Oleksandr Bohach

Personal information
- Full name: Oleksandr Anatoliyovych Bohach
- Date of birth: 26 February 1983 (age 43)
- Place of birth: Kukushkine, Rozdolne Raion, Crimean Oblast, Ukrainian SSR, USSR
- Height: 1.85 m (6 ft 1 in)
- Position: Defender

Senior career*
- Years: Team / Apps / (Gls)
- 2000–2001: Tytan Armiansk / 3 / (0)
- 2001–2003: Tavriya Simferopol / 3 / (0)
- 2001–2003: → Dynamo Simferopol (loan) / 48 / (0)
- 2003–2004: Polissya Zhytomyr / 28 / (1)
- 2004–2005: Dynamo-IhroService Simferopol / 39 / (1)
- 2006: Oleksandriya / 8 / (0)
- 2006–2007: Olkom Melitopol / 26 / (0)
- 2007–2008: Mykolaiv / 30 / (1)
- 2008–2009: Krymteplytsia Molodizhne / 14 / (0)
- 2009: Desna Chernihiv / 2 / (0)
- 2009: Foros Yalta
- 2009: Syhma Kherson
- 2010: Myr Hornostayivka
- 2010: Mykolaiv / 9 / (0)
- 2011: Hvardiyets Hvardiiske
- 2012: Torpedo Mykolaiv
- 2013: Tavriya Novotroitske
- 2016: Rubin Yalta
- 2016–2017: KFU-Bakhchisaray

= Oleksandr Bohach =

Ukrainian footballer

Oleksandr Anatoliyovych Bohach (Олександр Анатолійович Богач) is a Ukrainian retired footballer.

==Career==
Oleksandr Bohach was a Pupil of UOR Simferopol. After graduation, he played for the Tytan Armiansk. Since 2001 in Tavriya Simferopol. He played three matches in the top league of the Ukrainian championship. Debut - September 22, 2001 in a game with "Metalist" (1: 4).

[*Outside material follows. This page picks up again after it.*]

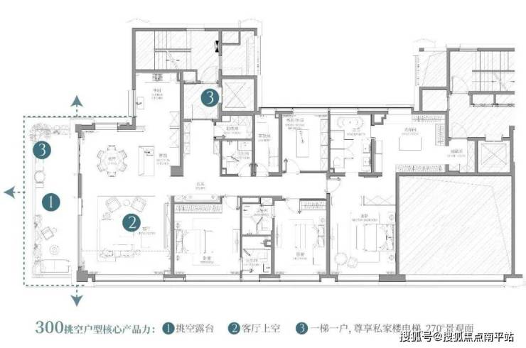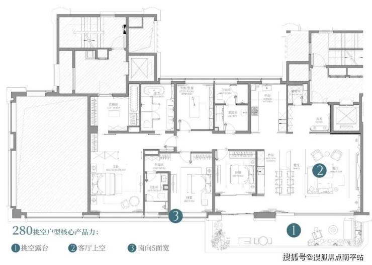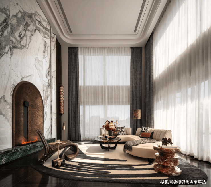 在墅厅设计中,中海地产展现出了非凡的匠心。以建面约 300㎡户型为例,餐客厅空间南、西、北三面均为大面窗,加之约 6.6 米层高,形成 “立体化” 观景视窗。纵向与竖向双维拉升采光观景面,不仅让室内光线更加充足,还彻底消除了室内外界限感,使户外景观能够无界融入室内。在这里,您可以尽情享受普通大平层无法企及的极目视野,仿佛与自然融为一体。

After "Tavria" he played in the clubs of the Ukrainian First League and Ukrainian Second League: Dynamo Simferopol, Polissya Zhytomyr, Oleksandriya, Olkom Melitopol, Mykolaiv, Krymteplytsia Molodizhne. In summer 2009 he moved to Desna Chernihiv, the main club of the city of Chernihiv, here he played two matches. In 2011 he became the champion of Crimea under Vladislav Maltsev in the Guards. In 2012 he played in the Nikolaev "Torpedo". In the beginning of 2013 because of rejuvenation of structure of the Nikolaev team, he continued the career in the Tavriya Simferopol team.